By the side of the ambulance, Lee turned about. “Yes?”
“Which way will you go, sir? North or South?”
Lee shook his head. “I could never bear arms against the United States. But what if it became necessary for me to carry a musket to defend my native Virginia? I had frankly hoped to avoid that kind of question. I thought President Buchanan might restore harmony between the sections by playing on love of country, but he failed. I thought the melting influence of Christianity might resolve the slave issue, but it hasn’t. I’ve owned slaves, and my conscience has tried me because of it. The institution will wither. It should. As for secession, in my view it’s nothing but revolution. Yet at this moment, men who are in most respects eminently decent have established a new government on the pillars of secession and slavery, and so I am unsure of the future and of my own reactions as well.”

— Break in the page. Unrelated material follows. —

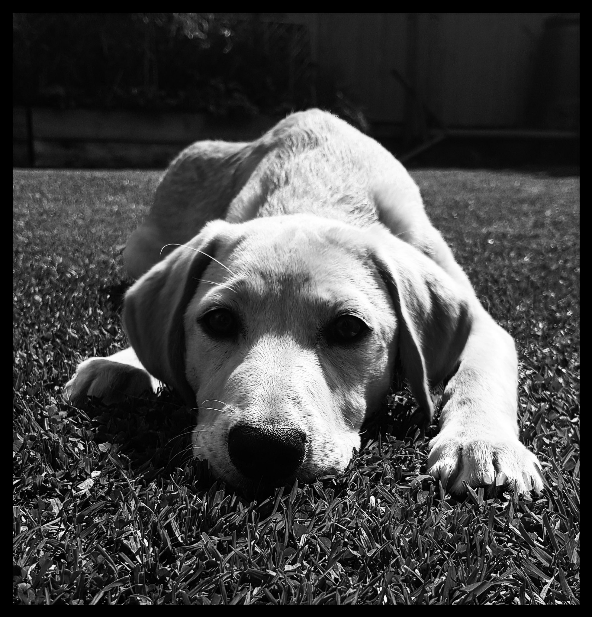 Our labrador puppy tired out from playing in the garden back in the summer.

Lee’s face looked haggard in the rain. “I’m certain of one thing only. No matter how each man or woman answers the question you asked, I think there will be but one result from what we’ve allowed the extremists to do to us. Heartbreak. Good-bye, Lieutenant.”
He trudged to the front of the ambulance and climbed up beside the driver. The vehicle lurched forward through the mud and rapidly faded into the dreary distance.

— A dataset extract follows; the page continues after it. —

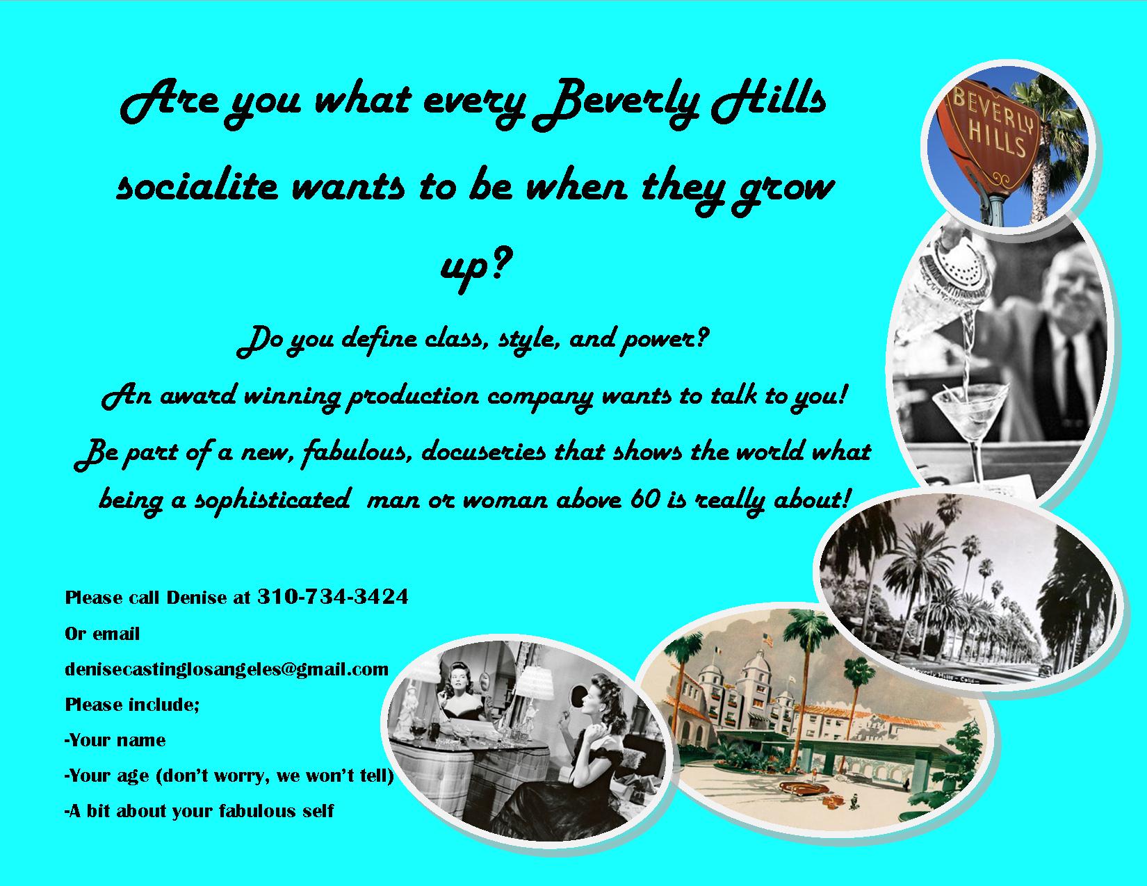 NOW CASTING classy 60+ men and women of Los Angeles socialite who wants to show the world what being fabulous is all about! Please call 310-734-3424 or email denisecastinglosangeles@gmail.com

Charles walked back to the stockade. Pondering his own confused state of mind, he could only conclude that Lee was right. North and South, both would suffer before this terrible business was done.
Two days later, in San Antonio, old Davey Twiggs surrendered all the Federal posts in Texas to state forces. Men loyal to the Union were urged to depart for the Gulf ports and given assurance of safe conduct, though for how long no one was prepared to say.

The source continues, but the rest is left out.